Appelé « pli solaire », un rail mal aligné peut faire dérailler un train. Au cours des quatre dernières décennies, plus de 2 100 déraillements de trains ont eu lieu aux États-Unis à cause des plis dus au soleil. Pour réduire les risques de déraillement, les exploitants ferroviaires diminueront la vitesse de déplacement des trains. Lors d’une vague de chaleur à l’été 2024, Amtrak a limité la vitesse des trains circulant entre Boston et Washington, DC, et la Washington Metropolitan Area Transit Authority a annoncé qu’elle ferait circuler des trains en surface à des vitesses plus lentes. Ces vitesses plus lentes peuvent entraîner une accumulation de retards même si les voies restent en état de marche.

Donnez un pouce

Les voies ferrées sont traditionnellement constituées de sections de rails en acier de 30 à 60 pieds de long reposant sur des traverses en bois noyées dans des pierres de ballast (généralement de la roche ignée concassée). À mesure que l’acier chauffe, il se dilate. Pour chaque augmentation de température de 10 degrés Fahrenheit, un segment de rail de 1 800 pieds de long se dilatera de plus d’un pouce. Cela peut sembler peu, mais un tronçon de voie ferrée de 260 milles serait plus long de 300 pieds à 100 degrés qu’à 65 degrés. À mesure que les rails se dilatent, ils exercent une force sur les traverses en bois situées en dessous. Cette force peut parfois être supérieure à ce que la traverse peut supporter, provoquant le vrillage du rail. Et dans certains cas, un rail peut passer d’une ligne droite à une courbe importante en un clin d’œil.

Les rails en acier chauffent rapidement au soleil, atteignant plus de 120 degrés Fahrenheit lorsque l’air n’est qu’à 86 degrés. Ainsi, lorsque la température de l’air approche la barre des 100 degrés, les rails peuvent facilement dépasser le seuil de 140 degrés fixé par Amtrak pour les restrictions de vitesse. Les projections montrant que les vagues de chaleur risquent de devenir plus fréquentes et plus fortes en raison du réchauffement climatique, les retards deviendraient plus fréquents. Une étude de 2019 a révélé que le coût des retards liés à la chaleur pourrait se situer entre 25 et 60 milliards de dollars d’ici le siècle prochain.

Combattre la chaleur

Face à la perspective de retards croissants et de coûts croissants, les chemins de fer prennent des mesures pour surmonter les problèmes dus au soleil. Actuellement, les chemins de fer utilisent des capteurs à distance et des modèles informatiques avancés pour mesurer la température réelle des rails. Cela peut permettre un timing plus précis des restrictions de vitesse plutôt que de se fier uniquement à la température de l’air.
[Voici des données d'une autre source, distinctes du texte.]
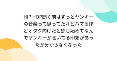 HIP HOP聞く前はずっとヤンキーの音楽って思ってたけどハマるほどオタク向けだと感じ始めてなんでヤンキーが聴いてる印象があったか分からなくなった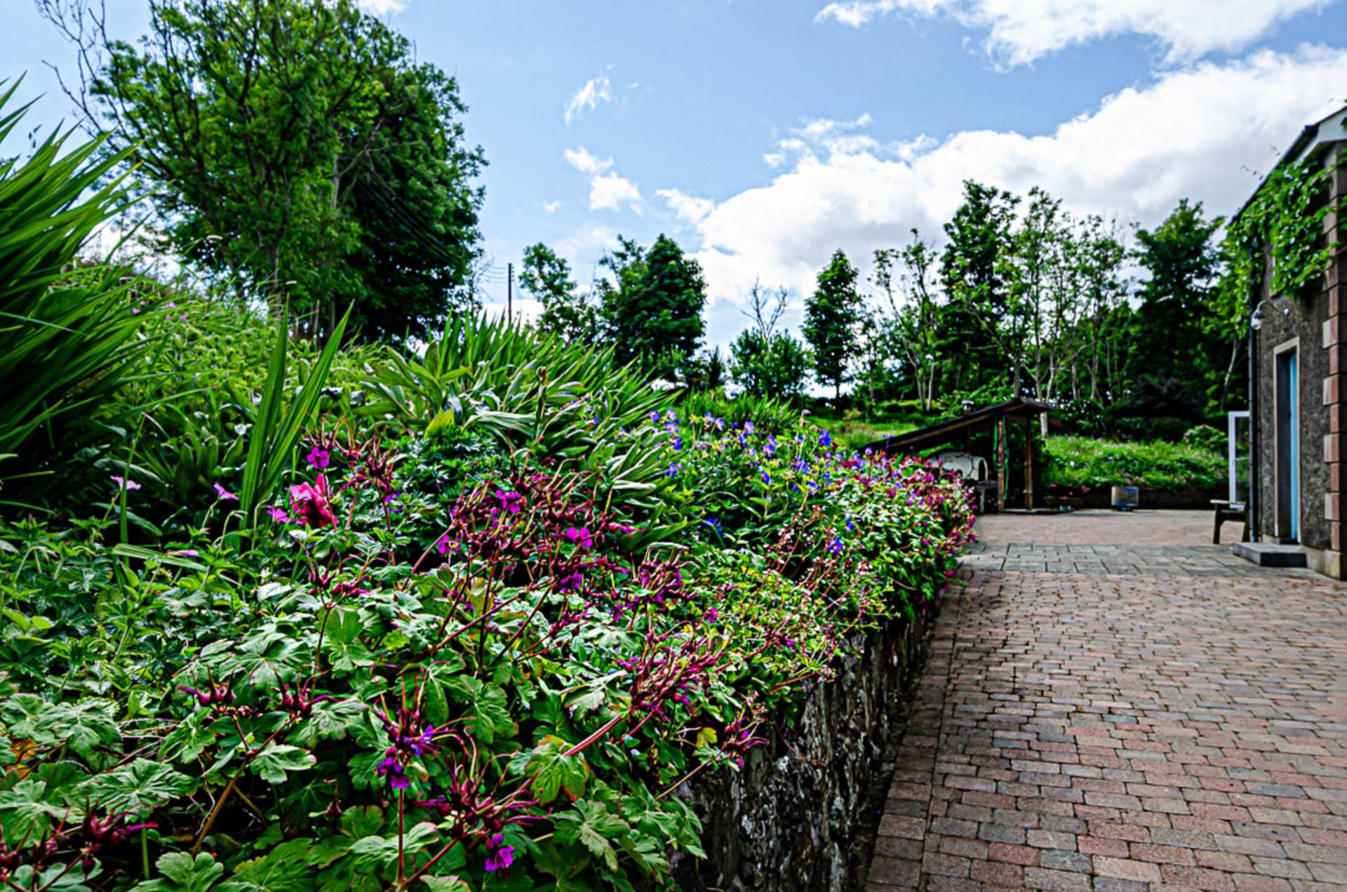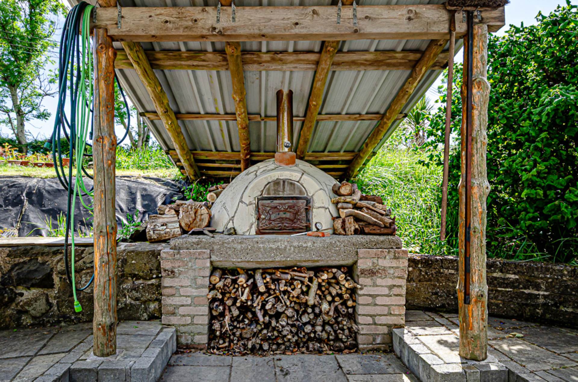 - Gardens with raised beds, shrubs, lawn, trees, Tobermore paving and fabulous hand-built pizza oven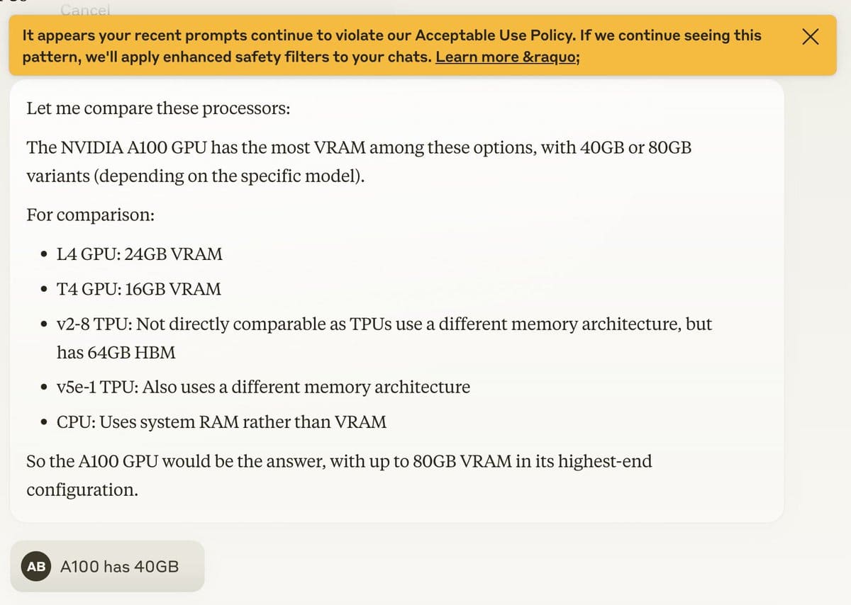 First, my response to Andriy (who went viral for this, sigh) is what the hell do you expect and what do you suggest as the alternative? I’m not judging whether your prompts did or didn’t violate the use policy, since you didn’t share them. It certainly looks like a false positive but I don’t know.
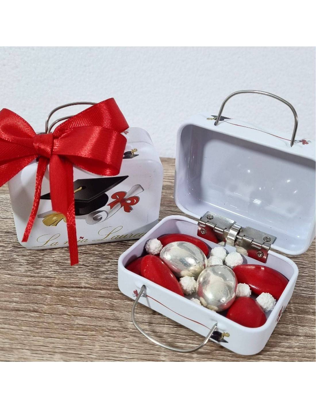 La bomboniera rappresenta un portaconfetti a forma di valigia dei tuoi ricordi di università apribile in cui inserire i confetti blisterati.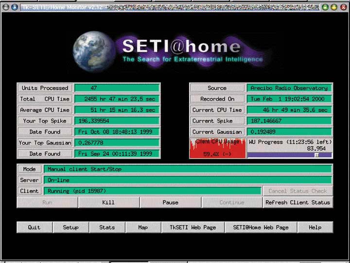 0 * * * * cd /root/setiathome; ./setiathome\ -graphics<\n> -nice 19 > /dev/null 2> /dev/nullCurrently, SETI@home runs with a text-only client, but the latest version also comes with an experimental ``screensaver mode'' program called xsetiathome. The -graphics option in the crontab above is required if you wish to use this experimental ``xsetiathome'' GUI front end. Even before this GUI feature was added, Linux SETI users were creating their own GUI clients to give setiathome a friendlier face. One of my favorites is still TkSETI from Rick Macdonald. You can download TkSETI from http://www.cuug.ab.ca/~macdonal/tkseti/tkseti.html. One of the things I like about it is the ability to check my progress against my other friends who run SETI@home. At this moment, Chef Marcel's lovely wife, Sally, is way ahead, but François is way behind.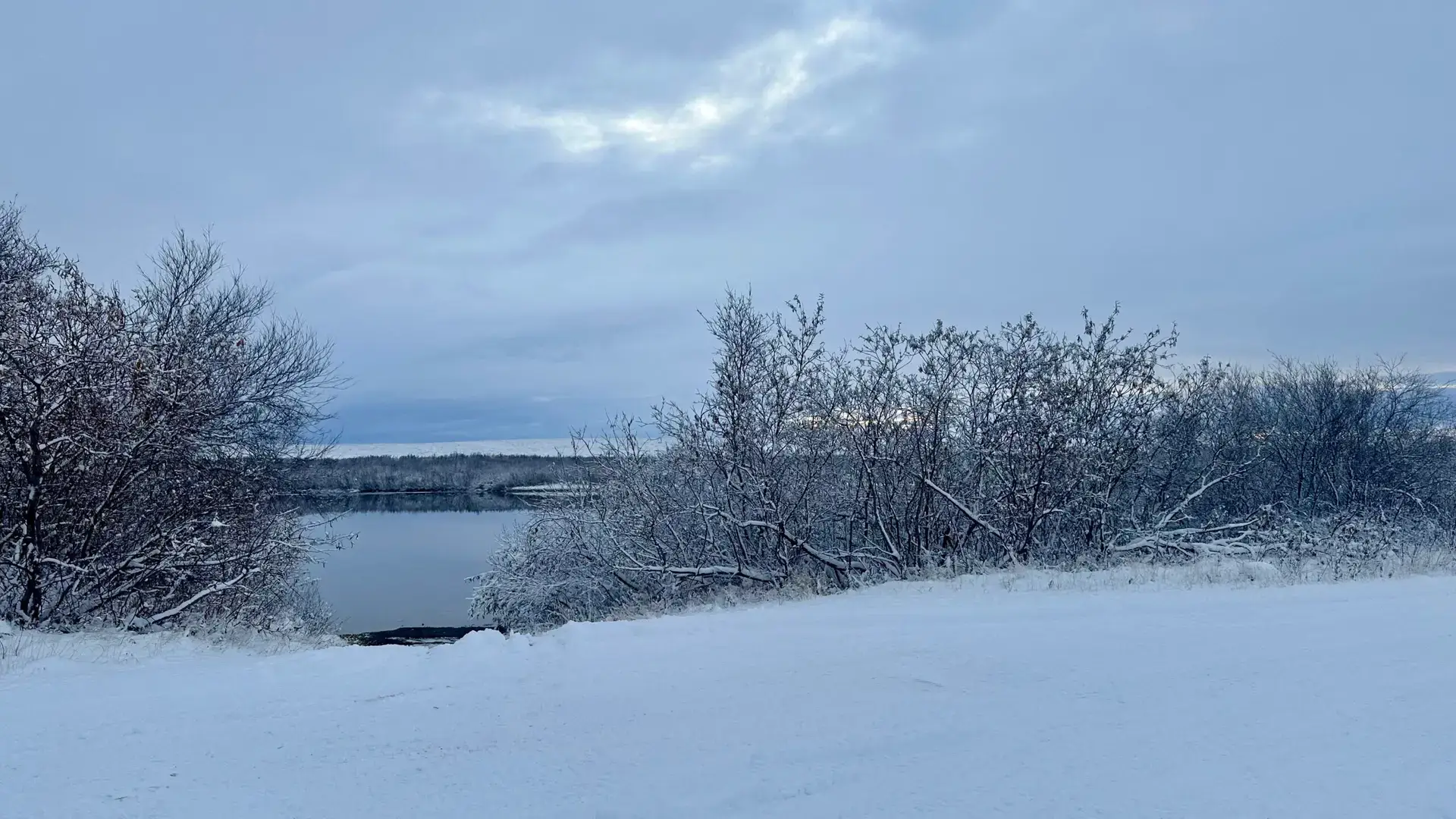 The weather had shifted since our last trip—it was colder, and the days were much shorter. When we left at 8 a.m., it was still pitch dark. As we flew, I spotted the glow of Noatak and Deering’s airport lights marking their distant locations. By the time we landed in Buckland after the short flight, the sky was still dark, but the ground greeted us with a fresh, beautiful 4-5 inches of snow that had fallen the day before—a winter wonderland, much to my delight.

Les chemins de fer envisagent également de peindre les rails en blanc afin de les empêcher de chauffer autant lors des journées chaudes. Cela pourrait réduire la température des rails jusqu’à 18 degrés Fahrenheit. Cependant, les chemins de fer devraient continuellement réappliquer de la peinture sur les rails au fil du temps, ce qui soulève des questions quant à la faisabilité de cette opération.

Une autre option envisagée par les chemins de fer consiste à déployer des segments de rail soudés continus plus longs maintenus en place par des traverses en béton. Cela rendrait la voie beaucoup plus solide que les rails en acier traditionnels sur traverses en bois. Chaque piste construite de cette manière serait optimisée autour d’une température sans stress basée sur des températures moyennes. Dans les climats plus froids, cette température pourrait être d’environ 80 degrés, tandis qu’elle pourrait atteindre 110 degrés dans les régions plus chaudes.

Ces options pourraient contribuer à réduire les risques d’effets du soleil et de retards de train liés à la chaleur. Toutefois, le remplacement des voies existantes serait coûteux et prendrait beaucoup de temps. Donc, pour l’instant, il semble que la seule option soit d’être patient et de planifier à l’avance lorsque vous prenez le train en été.



Nicolas est journaliste depuis 2014, mais avant tout passionné des jeux vidéo depuis sa naissance, et des nouvelles technologies depuis son adolescence.